▶ [REQUIRED ACTION]
Copy out the listing that follows exactly, dropping every picture.

▶ [INFORMATION SUPPLIED]
□ □ □ □ □
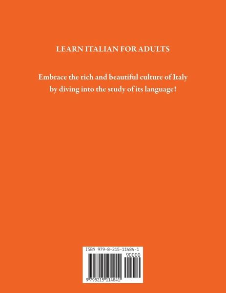 LEARN ITALIAN FOR ADULTS Learning Italian is not easy and there are no quick methods. Whoever is telling you this is an Italian teacher. I don't want to discourage you, far from it! Mastering Italian can be a challenge, but that's what makes it all the more rewarding. Learning a new language is an enriching experience, but it can also be disheartening if you go in with unrealistic expectations and are met with less-than-ideal results. The truth is, there is no shortcut to fluency in Italian - a language known for its intricate grammatical rules and exceptions. However, there are ways to make the journey more enjoyable. Our book, "Learn Italian For Adults: Easy Speak 4 in 1," provides a fresh, hands-on approach that allows you to learn the basics of Italian without feeling bogged down by grammar rules. Join us on this exciting journey to immerse yourself in the beautiful Italian culture through the study of its language! This is a comprehensive guide for English/Americans who want to master the Italian language. The unique teaching method is designed to make learning Italian an enjoyable and rewarding experience, without feeling overwhelmed by grammar rules and complex vocabulary. The "Easy Speak 4 in 1" method focuses on building a solid vocabulary and direct knowledge of basic sentence structure. The ultimate objective of this book is to empower Italian beginners to reach a level of proficiency that enables them to progress towards intermediate-level studies with confidence and ease. In addition to the fundamentals, the book features two levels of short stories that will challenge and engage learners, helping them to improve their comprehension skills and fluency in Italian. The stories are designed to be fun and entertaining, while also being educational. The book also includes funny jokes, quizzes, and final exercises to assess progress and identify areas for improvement. So, whether you're a complete beginner or just looking to improve your Italian skills, "Learn Italian For Adults: Easy Speak 4 in 1" is the perfect guide to help you reach your language learning goals. Embrace the rich and beautiful culture of Italy by diving into the study of its language!
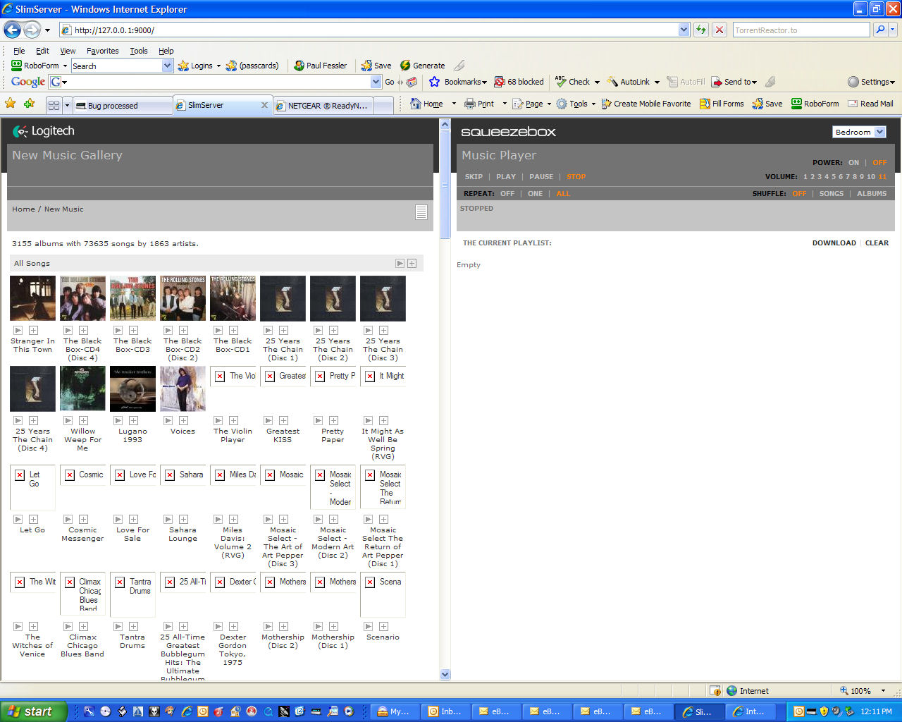 After a complete delete and rescan - UI for Slimserver does not show all art work, some show some don't. Then when trying to switch to list view, slim server stops, UI says page not found. I have to start slimeserver again. Slim server version SlimServer Version: 6.5.4 - 12568 - Windows XP - EN - cp1252 Server IP address: 192.168.1.2 Perl Version: 5.8.8 MSWin32-x86-multi-thread MySQL Version: 5.0.22-community-nt Your music library contains 3155 albums with 73635 songs by 1863 artists. Audio files stored on NV+ Hostname: ReadyNAS Model: ReadyNAS NV+ [X-RAID] Serial: 000da2013605 Firmware: RAIDiator 4.00c1-p1 [1.00a037] Memory: 1024 MB [2.5-3-3-7] MAC address: 00:0D:A2:01:36:05 IP address: 192.168.1.4 Gateway: 192.168.1.1 DNS: 192.168.1.1 Volume C: Online, X-RAID (Expandable RAID), 4 disks, 70% of 1363 GB used
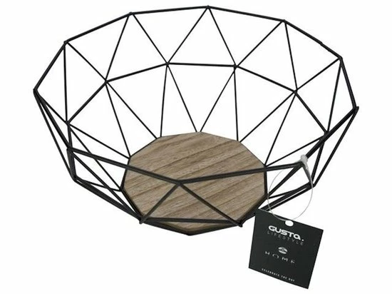 Gusta Fruitmand zwart. Fruit op tafel is voor iedereen een vrolijke binnenkomer. De mooie en felle kleuren van het fruit komen perfect tot hun recht in de zwarte fruitmand van Gusta. De schaal is ruim en er passen daardoor diverse stukken fruit in. Materiaal: Metaal / Hout.
□ □ □ □ □
▶ [ANSWER SPACE]
 LEARN ITALIAN FOR ADULTS Learning Italian is not easy and there are no quick methods. Whoever is telling you this is an Italian teacher. I don't want to discourage you, far from it! Mastering Italian can be a challenge, but that's what makes it all the more rewarding. Learning a new language is an enriching experience, but it can also be disheartening if you go in with unrealistic expectations and are met with less-than-ideal results. The truth is, there is no shortcut to fluency in Italian - a language known for its intricate grammatical rules and exceptions. However, there are ways to make the journey more enjoyable. Our book, "Learn Italian For Adults: Easy Speak 4 in 1," provides a fresh, hands-on approach that allows you to learn the basics of Italian without feeling bogged down by grammar rules. Join us on this exciting journey to immerse yourself in the beautiful Italian culture through the study of its language! This is a comprehensive guide for English/Americans who want to master the Italian language. The unique teaching method is designed to make learning Italian an enjoyable and rewarding experience, without feeling overwhelmed by grammar rules and complex vocabulary. The "Easy Speak 4 in 1" method focuses on building a solid vocabulary and direct knowledge of basic sentence structure. The ultimate objective of this book is to empower Italian beginners to reach a level of proficiency that enables them to progress towards intermediate-level studies with confidence and ease. In addition to the fundamentals, the book features two levels of short stories that will challenge and engage learners, helping them to improve their comprehension skills and fluency in Italian. The stories are designed to be fun and entertaining, while also being educational. The book also includes funny jokes, quizzes, and final exercises to assess progress and identify areas for improvement. So, whether you're a complete beginner or just looking to improve your Italian skills, "Learn Italian For Adults: Easy Speak 4 in 1" is the perfect guide to help you reach your language learning goals. Embrace the rich and beautiful culture of Italy by diving into the study of its language!
 After a complete delete and rescan - UI for Slimserver does not show all art work, some show some don't. Then when trying to switch to list view, slim server stops, UI says page not found. I have to start slimeserver again. Slim server version SlimServer Version: 6.5.4 - 12568 - Windows XP - EN - cp1252 Server IP address: 192.168.1.2 Perl Version: 5.8.8 MSWin32-x86-multi-thread MySQL Version: 5.0.22-community-nt Your music library contains 3155 albums with 73635 songs by 1863 artists. Audio files stored on NV+ Hostname: ReadyNAS Model: ReadyNAS NV+ [X-RAID] Serial: 000da2013605 Firmware: RAIDiator 4.00c1-p1 [1.00a037] Memory: 1024 MB [2.5-3-3-7] MAC address: 00:0D:A2:01:36:05 IP address: 192.168.1.4 Gateway: 192.168.1.1 DNS: 192.168.1.1 Volume C: Online, X-RAID (Expandable RAID), 4 disks, 70% of 1363 GB used
 Gusta Fruitmand zwart. Fruit op tafel is voor iedereen een vrolijke binnenkomer. De mooie en felle kleuren van het fruit komen perfect tot hun recht in de zwarte fruitmand van Gusta. De schaal is ruim en er passen daardoor diverse stukken fruit in. Materiaal: Metaal / Hout.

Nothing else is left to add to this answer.